No sixth form. All students move on at 16, so it is important to understand how the school supports post-16 applications, guidance, and transition planning.
Leeds East Academy is a school with clearly articulated routines and support structures, and a trust-led approach that prioritises safeguarding culture, inclusion, and personal development alongside academic reform. The daily Guardian Time model, formal peer mentoring, and targeted programmes such as Aspire signal a community trying to remove barriers to learning and engagement.
Best suited to families who value structured pastoral support and a school that is explicit about improvement priorities, and who will engage closely with attendance expectations and academic catch-up.
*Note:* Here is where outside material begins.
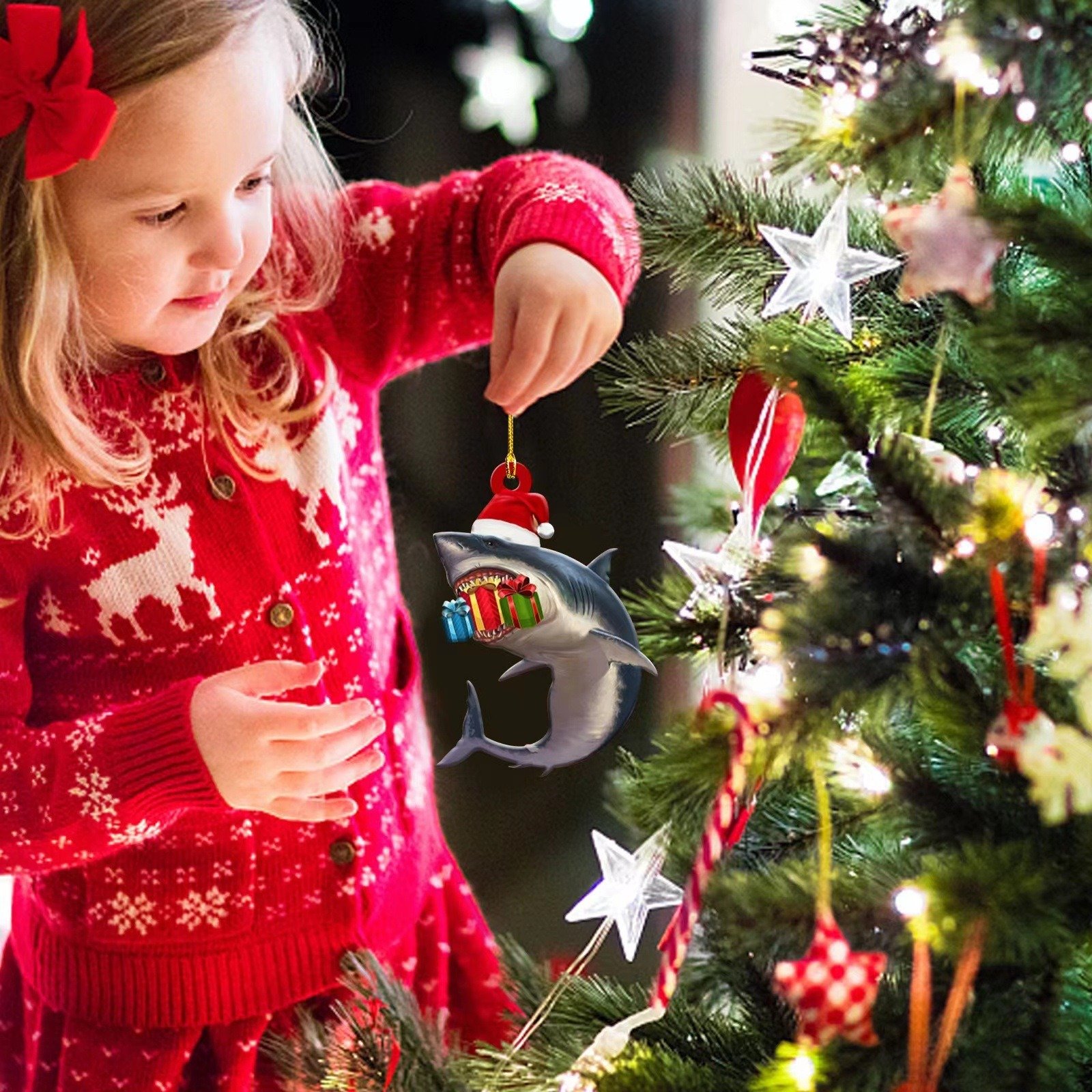 1pc, Christmas Shark Pendant - Wooden Home Decoration for Christmas Tree and Scene Atmosphere - Perfect Holiday and Room Decor

The key decision point is whether the current trajectory translates into stronger GCSE outcomes for the individual student over the next two years.
Leeds East Academy has clear strengths in behaviour, personal development, and leadership and management, all judged Good in the most recent inspection cycle. Academic outcomes remain a work in progress, with quality of education judged Requires Improvement in October 2024, and GCSE metrics that place the school below many secondaries in England in the supplied performance dataset.
Applications for September 2026 entry follow the local authority coordinated process. The school sets out the national timetable, with applications opening on 1 September 2025, the national closing date on 31 October 2025, and offers made on 2 March 2026.
In the supplied dataset, Progress 8 is -0.87 and Attainment 8 is 32.3. The FindMySchool GCSE ranking places the school at 3656th in England and 37th in Leeds, which sits in the lower performance band nationally. These figures indicate that exam outcomes remain an area to scrutinise carefully, particularly how the school supports students with gaps in literacy and prior learning.
The school runs BulliesOut Peer2Peer Mentoring, where trained student mentors provide one-to-one support with clear safeguarding escalation where needed. The school also publishes an online support network with wellbeing and safeguarding signposting.
The published day begins at 08:00 with a free breakfast offer, then Guardian Time at 08:30, with the core day ending at 15:00. On Tuesdays, Wednesdays and Thursdays, time after 15:00 is scheduled for Year 11 Study Plus and extracurricular activities.